According to the report, of the 24,865 Iraqis tragically killed during the two-year period, just 11 percent, or 2,671, were victims of terrorists. Three times that many (8,935) were killed in gang- or crime-related violence. (The report failed to note how many of those killed were suspected criminals or gang members themselves, which is probably unknowable.) The rest of the people were killed by US forces.

A search of Lexis Nexis for that period shows American newspapers ran more than 1,000 news pieces a month about terrorists in Iraq. That's about nine articles published for each person actually killed by a terrorist in Iraq. In reality, terrorists had managed to kill just one out of every 10,000 Iraqis a year over the two-year period.

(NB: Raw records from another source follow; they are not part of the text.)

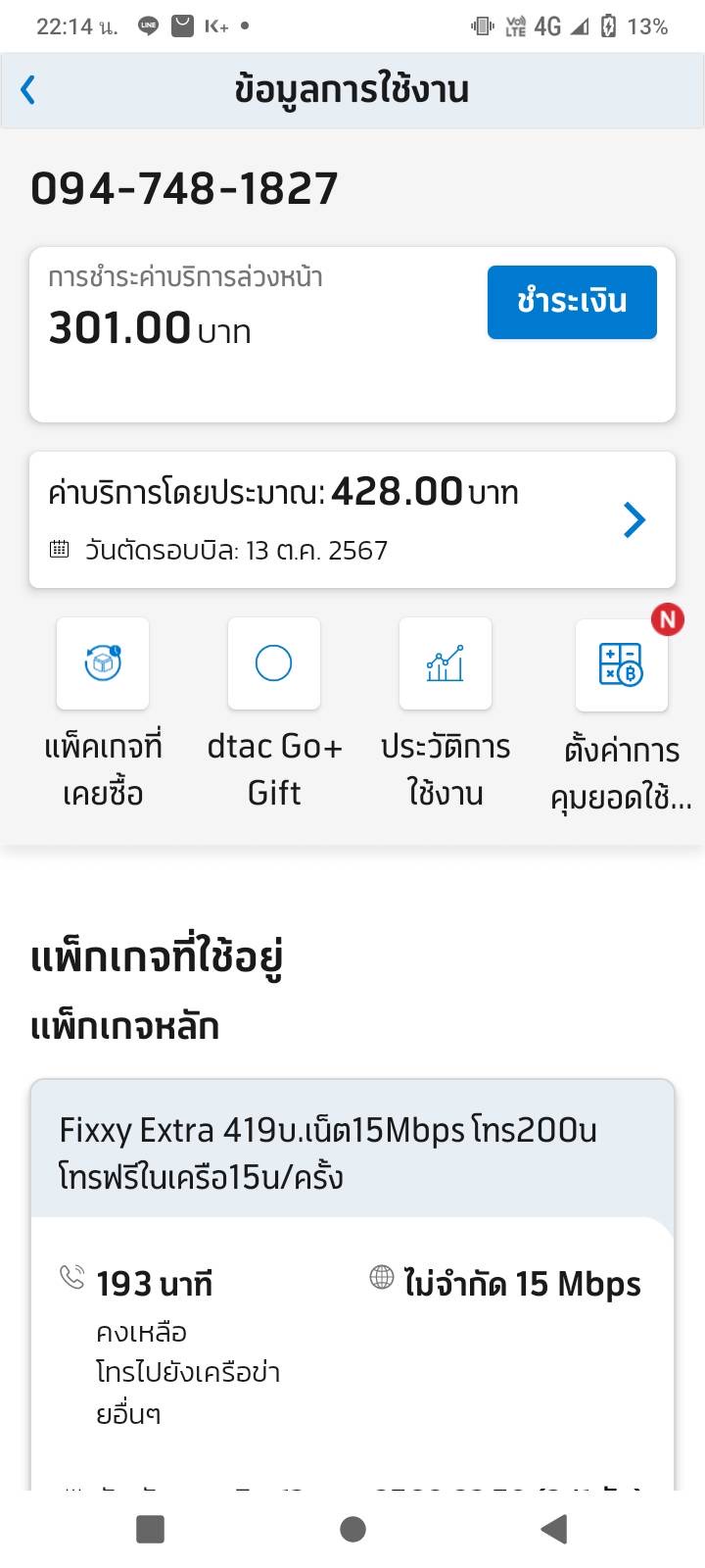 ปกติสมัครดีแทครายเดือน599 จ่ายจริง640 บิลรอบเดือนกันยา-ตุลา จู่ๆพุ่งขึ้นมาที่1685 บาท เราเลยเช็คที่แอพดีแทค ไม่ขึ้นว่าค่าอะไรที่เกินมา เลยไปที่ศูนย์ในห้าง แทบไม่เชื่อ พนักงานบอกว่าบิลเพิ่งออก ยังไม่ท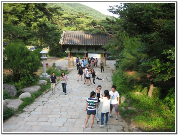 범어사 일주문을 지나며..맨 앞에 분이 동국대 유학중인 몽고 탬부랠스님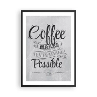 Affisch i svart ram - Kaffeposter med griffeltavleliknande bokstäver - 50x70cm - Of course! - Modern väggdekoration för vardagsrum och sovrum ARTTOR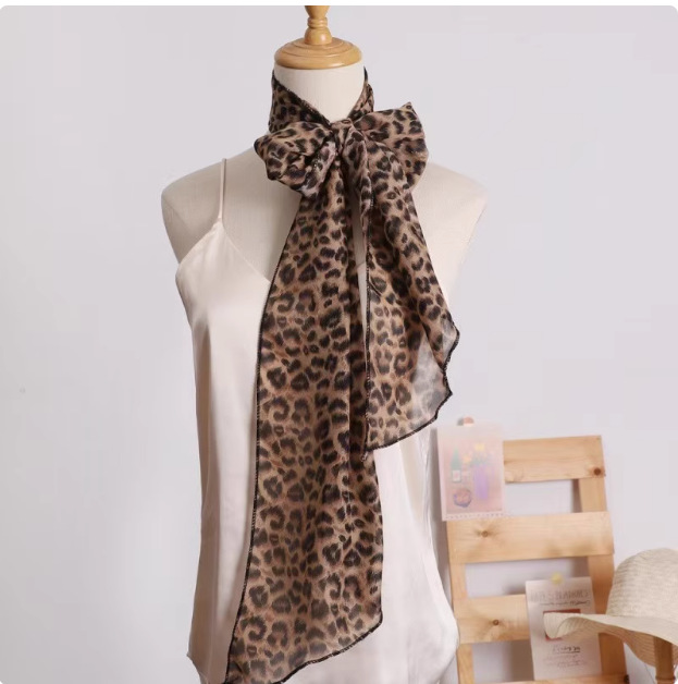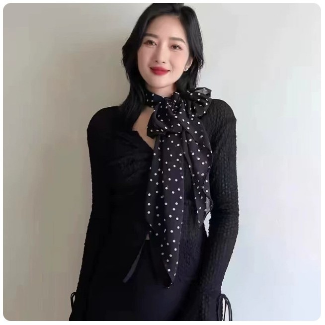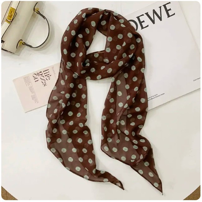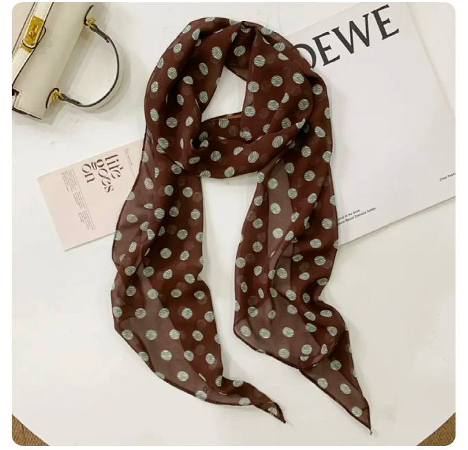다크 브라운 설문 조사 도트 실크 스카프 인쇄 고급 올 매치 액세서리 목 여성 2025 새로운 스타일 헤어 밴드 타이 롱 스카프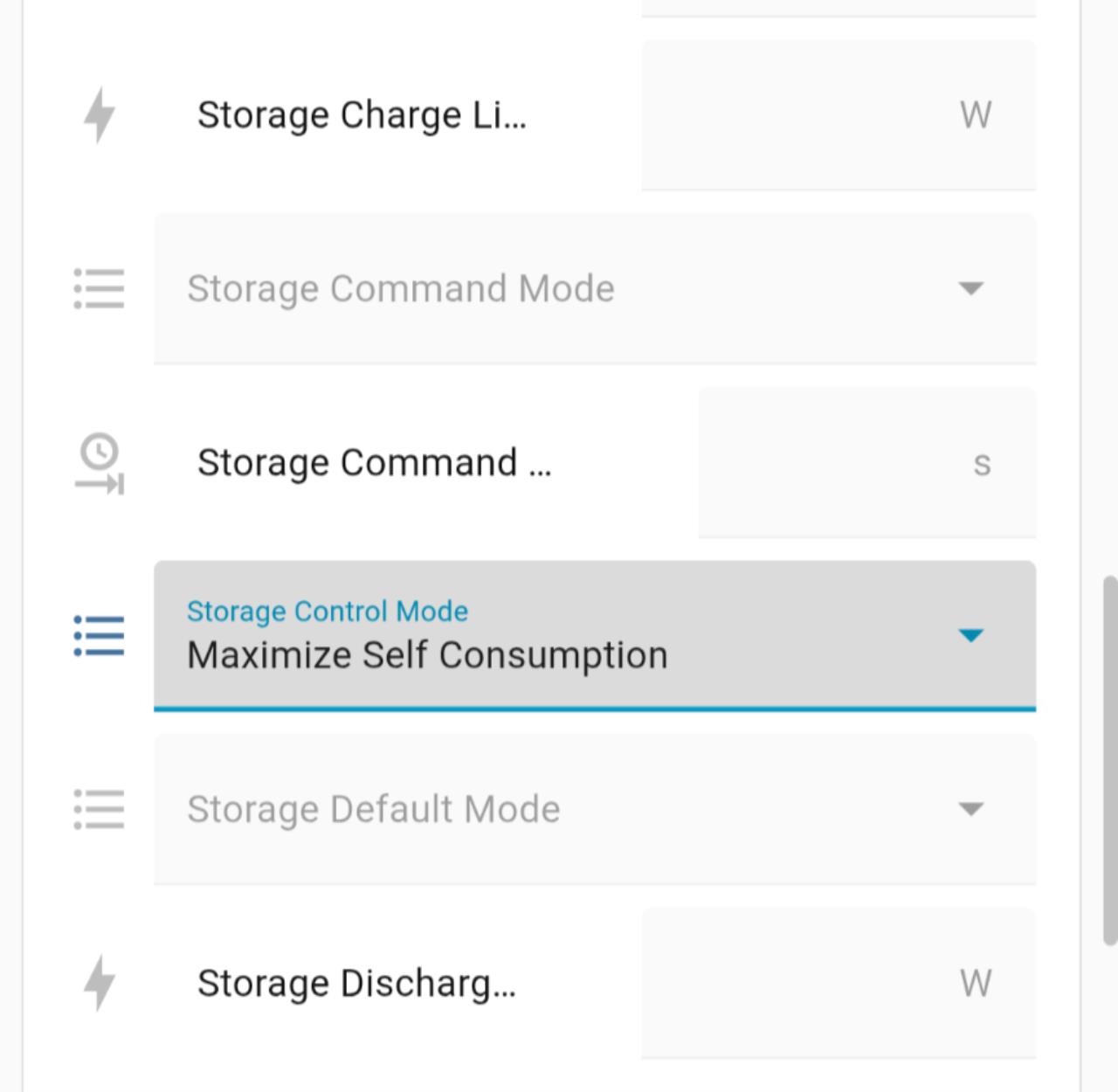 Du müsstest in Deinem Inverter in Home Assistant sowas sehen: Wenn Du jetzt gut bei Control Mode auf Remote Control gehst, kannst Du gezielt die Entladung steuern. Mit Storage Discharge Limit kannst Du begrenzen, wie schnell Du entladen willst. Das kannst Du alles dann entsprechend automatisieren. |

To put that in perspective, consider that the odds a typical American driver will die in a car wreck in a given year are also one in 10,000.

A recent written communication between al Qaeda cell members seized in an April raid on an al Qaeda hideout in Iraq could give the world its first glimpse of what the terrorist situation in Iraq really looks like.

According to the translated document, which details the problems the jihadists are facing in Iraq, al Qaeda has spent too much time on what it calls a "media-oriented policy" in which it blows up people and things to attract media coverage without a clear comprehensive plan to capture an area or an enemy center.

Terrorist leaders admit in the document that Baghdad jihadist cells are capable of only "hit and run" operations that create the impression on the news that the American forces are losing. These attacks are not considered to be more than "a daily annoyance to the Shiite government," according to the document and preoccupation with this strategy to get media coverage has "delayed more important operations such as taking control of ... a university, a hospital or a Sunni religious site."

So what's the total number of al Qaeda fighters in the Baghdad area, according to the document? Just 110.

Let me get this straight: According to the mainstream media, the US was supposed to begin planning an exit strategy last year because 110 jihadists who can't even capture a hospital claimed to have won a war they barely qualify as bit players in?

By March, the big newspapers' fascination with the terrorists and their antics had dissipated. After bombings and retaliatory bombings of a few Sunni and Shiite mosques, the big dailies declared an all-out civil war was going on. This was what would finally bring Iraq to its knees. News reports instantly began attributing many of the murders and bombings in Iraq to "sectarian" violence. How the reporters now knew that the ongoing, daily killings they once largely attributed to the terrorists were actually sectarian was never explained.

Whatever the case, Iraq was falling apart, mainstream reporters wrote in article after article with datelines in Baghdad, where a lot of the media stays firmly tucked away from danger in the Green Zone.

A little-known statistic tracked by the Defense Department could shed some light on this situation: During the invasion of Iraq, 692 journalists were embedded with coalition forces. Today, that number has dwindled to 32. There are 18 sprawling provinces in Iraq, so that's less than two journalists on average in each province. (More than 32 journalists cover Charlotte on any given weekday, and Charlotteans still have no idea what is really going on here.)

Whatever the case, the much-anticipated civil war has yet to unfold, and last month the Washington Post even went so far as to charge that the US government tricked the paper by "inflating al Qaeda's role in Iraq." That's rubbish. I know this because for more than a year now I've read the Defense Department's weekly transcripts of its press conferences with the media -- press conferences in which American military leaders repeatedly begged reporters to stop over-inflating the role of al Qaeda and then the role of sectarian violence in Iraq.

These days, it's looking more like much of the killing in Iraq is being done by a criminal element whose workings even our generals admit in press conferences they don't fully understand.

So is Iraq going to hell in a hand basket? I haven't the vaguest idea, and neither, as best as I can tell, does mainstream American media.